When they finished eating, Skink said it was time to hit the rack. “Big day ahead. You take the sleeping bags, I’ll be in the scrub.” And he was gone.

Augustine returned the fry pan to the Ohio contingent, which was amiably drunk and nonthreatening. He and Bonnie stayed up watching the flames die, sitting close but saying little. At the first onslaught of mosquitoes, they dove into one of the sleeping bags and zipped it over their heads. Like two turtles, Bonnie said, sharing the same shell.

They hugged each other in the blackness, laughing uncontrollably. After Bonnie caught her breath, she said, “God, it’s hot in here.”

“August in Florida.”

“Well, I’m taking off my clothes.”

“You aren’t.”

“Oh yes. And you’re going to help.”

“Bonnie, we should get some sleep. Big day tomorrow.”

“I need a big night to take my mind off it.” She got tangled while wriggling out of her top. “Give me a hand, kind sir.”

Augustine did as he was told. They were, after all, rational, mature, intelligent adults.

CHAPTER
19

The death of Tony Torres did not go unnoticed by homicide detectives, crucifixions being rare even in Miami. However, most murder investigations were stuck on hold in the frenetic days following the hurricane. With the roadways in disorder, the police department was precariously shorthanded; every available officer of every rank was put to work directing traffic, chasing looters or escorting relief convoys. In the case of Juan Doe #92-312 (the whimsical caption on Tony Torres’s homicide file), the lack of urgency to investigate was reinforced by the fact that no friends or relatives appeared to identify the corpse, which indicated to police that nobody was searching for him, which further suggested that nobody much cared he was dead.

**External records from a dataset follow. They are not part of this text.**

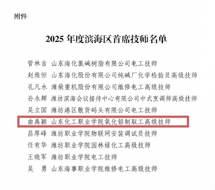 近日,2025年度滨海区首席技师名单公布,我校教师曲禹颖凭借过硬的技术能力与深厚的职业素养成功入选,荣获“滨海区首席技师”称号,是我校教师首次荣获该类称号。这不仅是对曲禹颖个人专业能力的高度肯定,也是我校在高技能人才培养和师资队伍建设方面取得的又一重要成果。
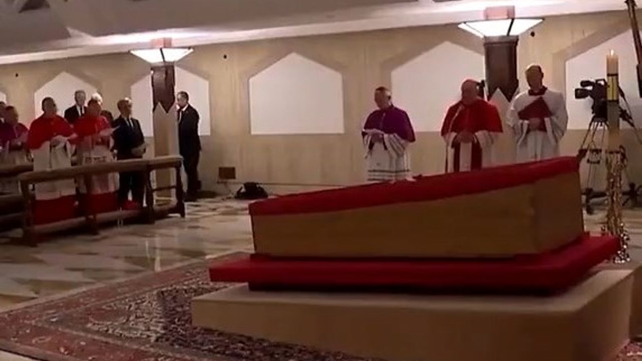 Vatikan Basın Ofisi, törenin düzenleneceği odanın ilk görüntülerini paylaştı. Görüntülerde, Kardinal Camerlengo Kevin Joseph Farrell, Tören Yöneticisi Başpiskopos Diego Giovanni Ravelli ve Tören Yöneticisi Lubomir Welnitz'in Papa Franciscus'un bedenine kutsal su serpme törenini gerçekleştirdiği görülüyor.
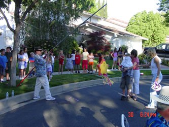 | It was well after dark when the party broke up and people took their children home. Everyone is looking forward to our next event, the outdoor movie night in August. |
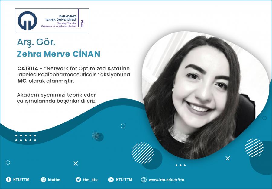 Üniversitemiz Fen Fakültesi Fizik Bölümü'nde öğretim elemanı Arş.Gör. Zehra Merve CİNAN COST Programı’nın “CA19114 - Network for Optimized Astatine labeled Radiopharmaceuticals” isimli aksiyona MC olarak atanmıştır.
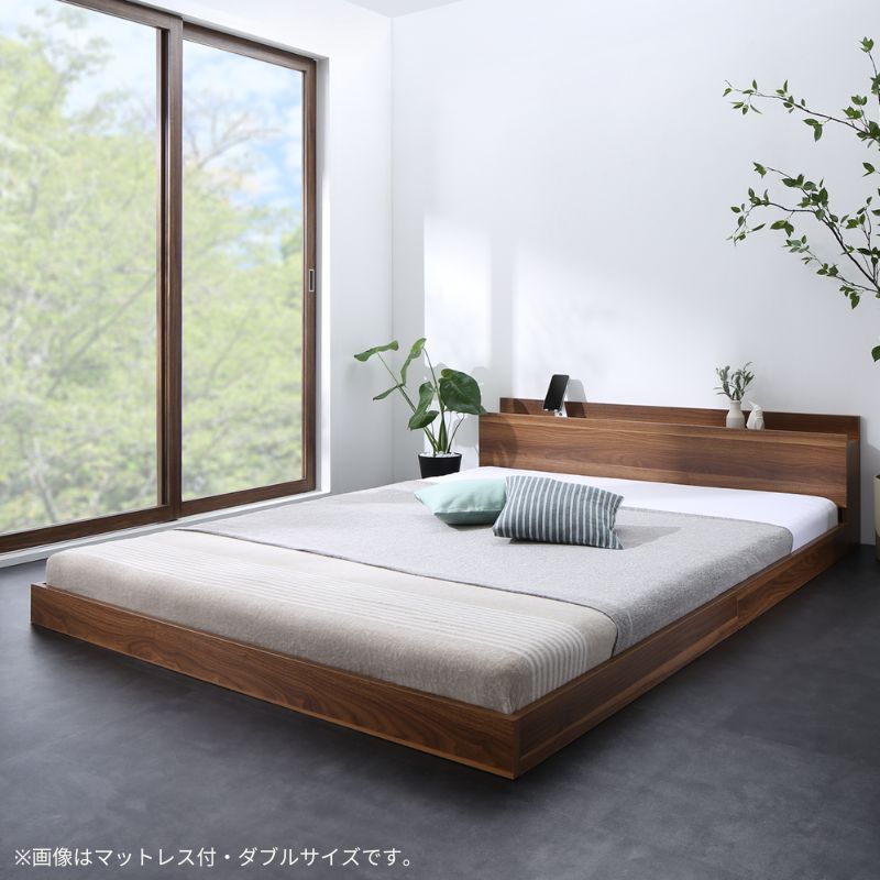 棚・2口コンセント付きロータイプ Skyline2 スカイライン2 ベッドフレームのみ シングル フレームカラー ウォルナットブラウン マットレスカラー 組立設置サービス付き
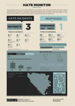 Hate-motivated incidents are often violent manifestations of intolerance which instil fear and divide communities. Tackling underlying prejudice is essential in combating the spread of these divisive actions. The OSCE Mission to Bosnia and Herzegovina supports the work of government institutions, the criminal justice system, local authorities and civil society to effectively respond to these incidents. The 'Hate Monitor' provides a monthly update on incidents and responses throughout Bosnia and Herzegovina.
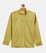 • Product Id : 4465176 • Package Details : 1 Ethnic Shirt • Type : Boys Shirts • Occasion : Casual • Work : Woven • Sleeve : Full Sleeve • Neck Style : Collar Neck Kameez • Top Color : Yellow • Top Fabric : Silk Blend • Stitching : Stitched • Gender : Boy Payments [+]
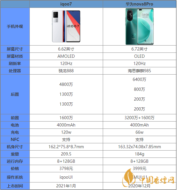 近期,迎來iqoo7新機(jī)發(fā)布,那么對比華為nova8Pro這款手機(jī)有什么區(qū)別?哪款手機(jī)更好?哪款手機(jī)更值得入手?接下來香煙網(wǎng)小編為大家?guī)韎qoo7和華為nova8Pro參數(shù)對比評測,感興趣的朋友一起來看看吧!
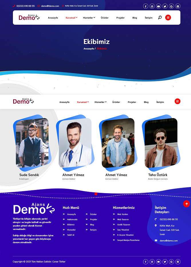 Ekibimiz modülü ile çalışanlarınızı unvanları, fotoğrafları ve kısa biyografileriyle tanıtma
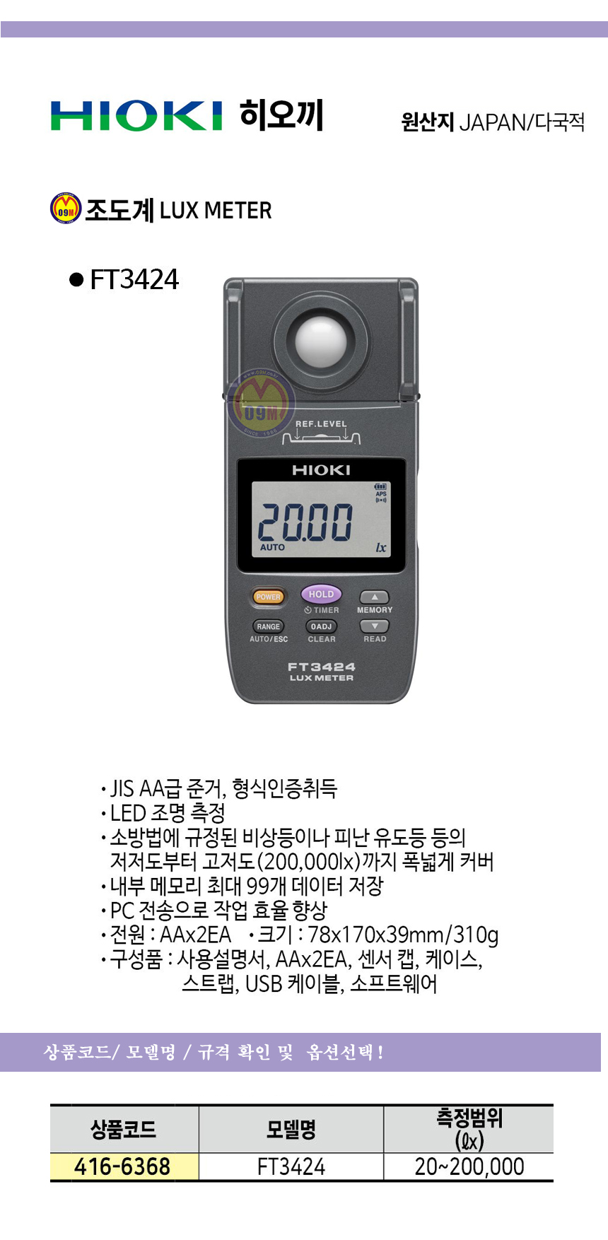 히오끼 조도계(조명측정) FT3424 HIOKI ,테스타기, 공구몰 416-6368

Two days after the body was found, a fingerprint technician faxed the morgue to say that a proper name now could be attached to the crucified man: Antonio Rodrigo Guevara-Torres, age forty-five. The prints of the late Mr. Torres were on file because he had, during one rocky stretch of his adult life, written thirty-seven consecutive bum checks. Had one of those checks not been made out to the Police Benevolent Association, Tony Torres likely would have escaped prosecution. To avoid jail, he pleaded guilty and swore to make full restitution, a pledge quickly forgotten amid the pressure of his demanding new job as a junior sales associate at a trailer-home franchise called A-Plus Affordable Homes.

Because the arrest report was old, the home address and telephone number listed for Tony Torres were no good. The current yellow pages showed no listing for A-Plus Affordable. Three fruitless inquiries sufficiently discouraged the young detective to whom the case of the crucified check-kiter had been assigned. He was relieved when his lieutenant ordered him to put the homicide file aside and drive down to Cutler Ridge, where he parked squarely in the center
of the intersection of Eureka Drive and 117th Avenue in order to block traffic for the presidential motorcade.

The young detective didn’t think again of the murdered check-bouncing mobile-home salesman until two days later, when the police department got a call from an agitated woman claiming to be the victim’s wife.

Avila phoned the Gentlemen’s Choice escort service and asked for Morganna. She got on the line and said, “I haven’t used that name in six months. It’s Jasmine now.”

“OK. Jasmine.”

“Do I know you, honey?”

Avila reminded her of their torrid drunken night at the motel on West Flagler Street.

“Gee,” she said, “that narrows it down to about ninety guys.”

“You had a friend. Daphne, Diane, something like that. Redhead with a tattoo on her left tit.”

Jasmine said, “What kinda tattoo?”

“I think it was a balloon or something.”

“Don’t ring a bell.”

Avila said, “The guy you were with, you’d definitely remember. Scary dude with a seriously fucked-up face.”